Quick commands for Alexander to run on DO console:
```bash
# Check what's eating RAM
ps aux --sort=-%mem | head -10
free -h
# Common resource hogs to kill
systemctl stop docker containerd nginx
systemctl disable docker containerd
```
## Phase 2: Inspect the Box
Once SSH works:
```bash
# Resources
ssh root@TARGET 'free -h; echo "---"; ps aux --sort=-%mem | head -8'
# Wizard service status
ssh root@TARGET 'systemctl status hermes-WIZARD.service 2>&1 | head -20'
# Recent logs (look for errors, stuck sessions, long tool calls)
ssh root@TARGET 'journalctl -u hermes-WIZARD.service --no-pager -n 50'
```
## Phase 3: Inspect Config
Check if Telegram and provider are properly wired:
```bash
# Environment file - must have bot token AND provider key
ssh root@TARGET 'cat /root/wizards/WIZARD/home/.env'
# Config - check model, provider, platforms section
ssh root@TARGET 'cat /root/wizards/WIZARD/home/config.yaml'
```
Required .env vars for Telegram-connected wizard:
- Provider API key (e.g., KIMI_API_KEY, ANTHROPIC_API_KEY)
- TELEGRAM_BOT_TOKEN
- TELEGRAM_HOME_CHANNEL
- TELEGRAM_HOME_CHANNEL_NAME
- TELEGRAM_ALLOWED_USERS
If Telegram vars are missing, the deploy script was incomplete. Add them and restart.
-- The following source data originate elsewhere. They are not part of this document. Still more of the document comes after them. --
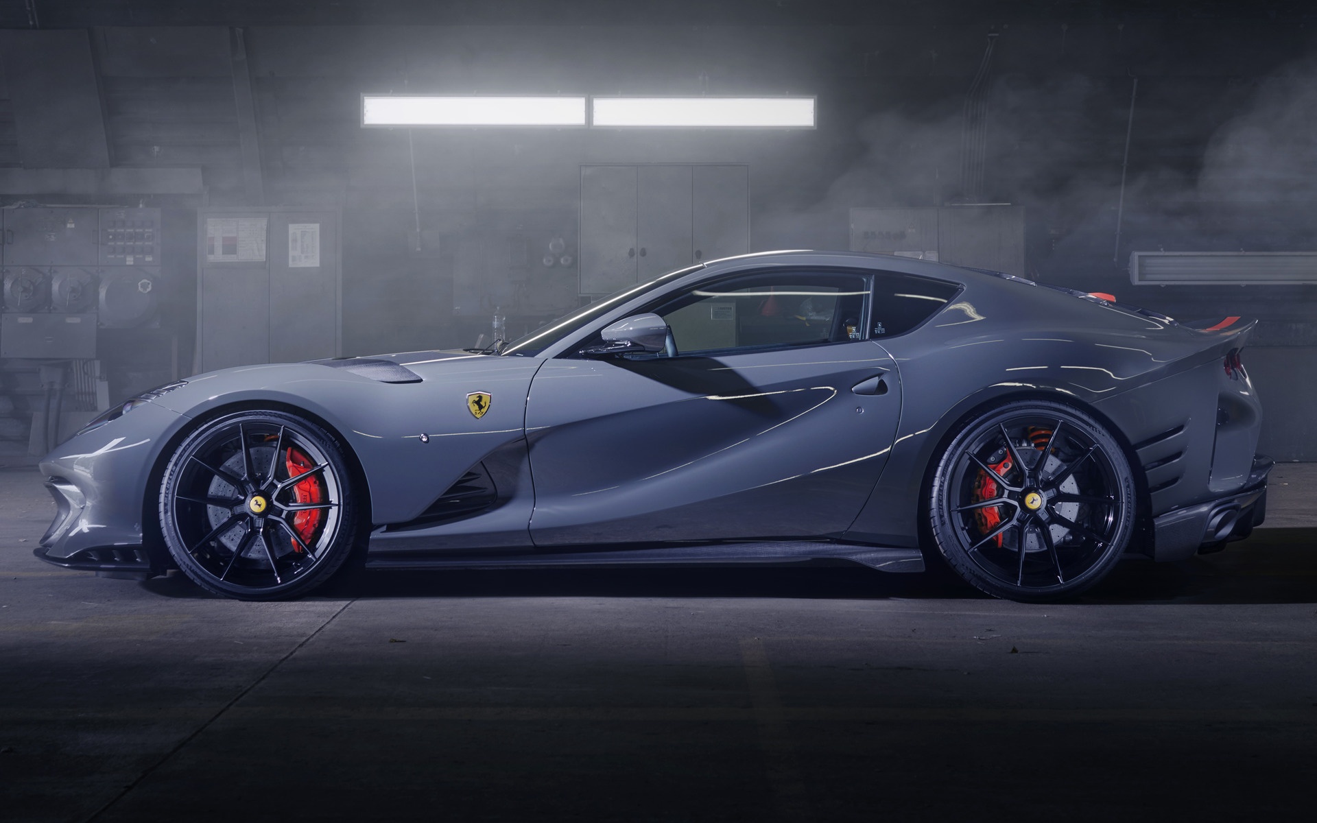 Description: A grey sports car in a dark garage with smoke coming out of the back of it's hood.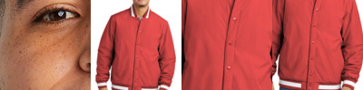 Show your team spirit in this retro-inspired jacket that offers weather-fighting protection. 100% polyester with water-resistant coating 2.4-ounce polyfill insulation in body 1.8-ounce polyfill insulation in sleeves Tag-free label Dyed-to-match metal snap closure Locker loop Front welt pockets Decoration access pocket 1x1 striped rib knit at collar, cuffs and hem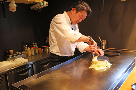 その後、様々な場所で鉄板焼、お好み焼き店を立ち上げ、以前、別コーナーで取材したお店も手掛けていました。今回、中でも気に入った福岡に舞い戻り、この店をオープンしたということです。
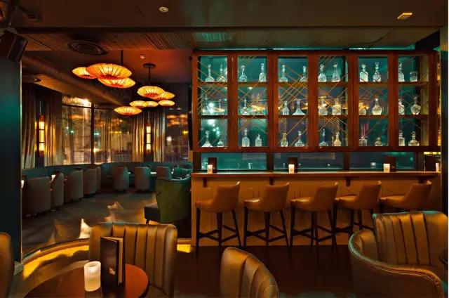 由英國著名設(shè)計事務(wù)所Design research studio設(shè)計的Craft吧最明顯的符號是英國Tom Dixon的家具,富有個性的吧凳與金屬的吧臺飾面就是最佳搭配,天花的藝術(shù)噴繪為空間融入濃厚的時代氣息。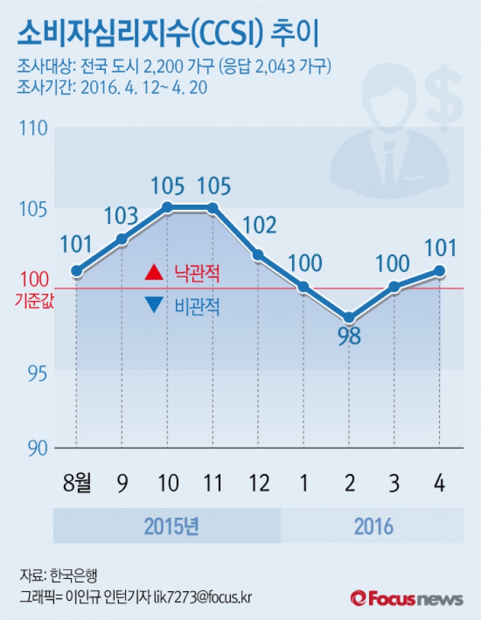 (서울=포커스뉴스) 27일 한국은행이 발표한 '2016년 4월 소비자동향조사 결과'에 따르면 4월 소비자심리지수(CCSI)는 101로 전월 대비 1포인트 상승했다고 밝혔다.

## Phase 4: Fix Common Problems
### Resource starvation (< 200MB available)
```bash
# Kill Docker if not needed
ssh root@TARGET 'systemctl stop docker containerd; systemctl disable docker containerd'
# Kill any runaway processes spawned by the wizard
ssh root@TARGET 'pkill -f "khatru-relay|caddy|nginx|go build" 2>/dev/null'
```
### Stuck session (wizard busy with a long-running task)
```bash
# Restart the service - clears the stuck session
ssh root@TARGET 'systemctl restart hermes-WIZARD.service && sleep 2 && systemctl is-active hermes-WIZARD.service'
```
### Wrong provider or missing key
Edit the .env and config.yaml, then restart:
```bash
ssh root@TARGET 'systemctl restart hermes-WIZARD.service'
```
## Phase 5: Verify
```bash
# Service running?
ssh root@TARGET 'systemctl is-active hermes-WIZARD.service'
# RAM healthy? (> 500MB available on 2GB box)
ssh root@TARGET 'free -h'
# Logs show Telegram connected?
ssh root@TARGET 'journalctl -u hermes-WIZARD.service --no-pager -n 10 | grep -i telegram'
```
Then ask Alexander to message the wizard on Telegram to confirm it responds.
## Reaching Alexander's Mac
If you need to diagnose local Timmy directly, Alexander's Mac is on the Tailscale network:
- Tailscale IP: `100.124.176.28` (hostname: `mm`)
- User: `apayne`
- SSH key must be in `~/.ssh/authorized_keys` on the Mac
- System python is 3.9; use `~/.hermes/hermes-agent/venv/bin/python3` for 3.10+ syntax
- llama-server model path: `/Users/apayne/models/hermes4-14b/NousResearch_Hermes-4-14B-Q4_K_M.gguf`
- Timmy workspace: `~/.timmy/`, Hermes home: `~/.hermes/`
## Pitfalls
1. **SSH banner timeout = RAM starvation.** Don't keep retrying SSH. The box needs resources freed via DO console first.
2. **2GB droplets cannot run Hermes + Docker + nginx + a relay.** Hermes alone needs ~500MB-1GB. Budget accordingly.
3. **Deploy scripts may be incomplete.** Bezalel's deploy script for Allegro only injected KIMI_API_KEY but not Telegram vars. Always verify .env has everything.
4. **Wizards build infrastructure when left unsupervised.** If a wizard was given a broad task, check what processes it spawned. Kill anything not essential.
5. **Always check the Gitea PR for the deploy script** — it's the source of truth for what SHOULD be configured. Compare against what IS configured.
6. **Restart clears stuck sessions.** If a wizard is mid-session on a slow model (Kimi), restarting the service is the fastest way to unstick it.